Sometimes, we want to compute log probabilities (which are different from logits), but we want to do so "cleanly", ie, while avoiding overflow / underflow. First, mathematically figure out what the log of the softmax is (ie, take the log of eq. 2.99), and then combine it with insights from coding up the logsumexp function. Hint: at the end of the day, you will simply shift each column by a per-column constant!

In [11]:
def log_logsumexp( logits ):
  # logits is a numpy matrix of d x N, where:
  # d is the number of classes
  # N is the number of samples

  LSE = logsumexp(logits)
  log_softmax = logits.copy()
  d, N = log_softmax.shape

  for data_class in range(d):
    for sample in range(N):
      log_softmax[data_class, sample] = log_softmax[data_class, sample] - LSE[data_class]

  return log_softmax


In [12]:
print(log_logsumexp(logits)[:,0])

[ -3.8079597   -4.34215254 -20.5196698 ]


---
# Part 2: Probability Fundamentals

For the following exercises, you are encouraged to work both by hand and by code, whatever makes the most sense.

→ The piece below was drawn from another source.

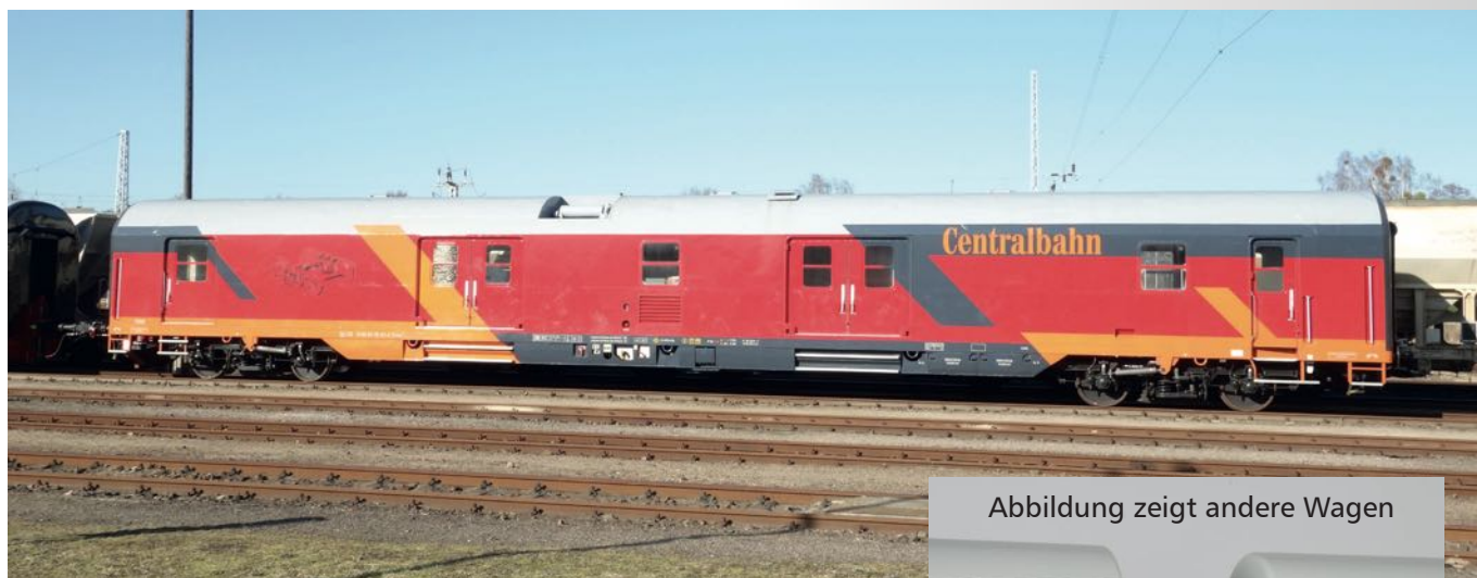
Abbildung zeigt andere Wagen

Please note: All the following models are unique editions, last date of order: 31st march 2024

## Exercise 1a: Joint Probability Distributions

You are given the following two binary variables, X and Y, that can each take on the values 0 or 1. Assuming X and Y are independent, calculate the joint probability table (2x2 table for P(X, Y)). Display as a numpy array.

P(X=0) = 0.6

P(X=1) = 0.4

P(Y=0) = 0.7

P(Y=1) = 0.3


In [13]:
X = [.6, .4]
Y = [.7, .3]

In [14]:
# Your code here
joint_prob = np.array([[X[0]*Y[0], X[0]*Y[1]], [X[1]*Y[0], X[1]*Y[1]]])
print(joint_prob)

[[0.42 0.18]
 [0.28 0.12]]


Next, compute the following conditional probabilities:

P(X=0|Y=0) = ?

P(X=0|Y=1) = ?

P(Y=0|X=0) = ?

P(Y=0|X=1) = ?

In [15]:
# Your code here
def con_prob(event, given):
    return round((event / given), 3)

px = joint_prob.sum(axis=1)
py = joint_prob.sum(axis=0)

first_x0y0 = con_prob(joint_prob[0,0], py[0])
first_x0y1 = con_prob(joint_prob[0,1], py[1])
first_y0x0 = con_prob(joint_prob[0,0], px[0])
first_y0x1 = con_prob(joint_prob[1,0], px[1])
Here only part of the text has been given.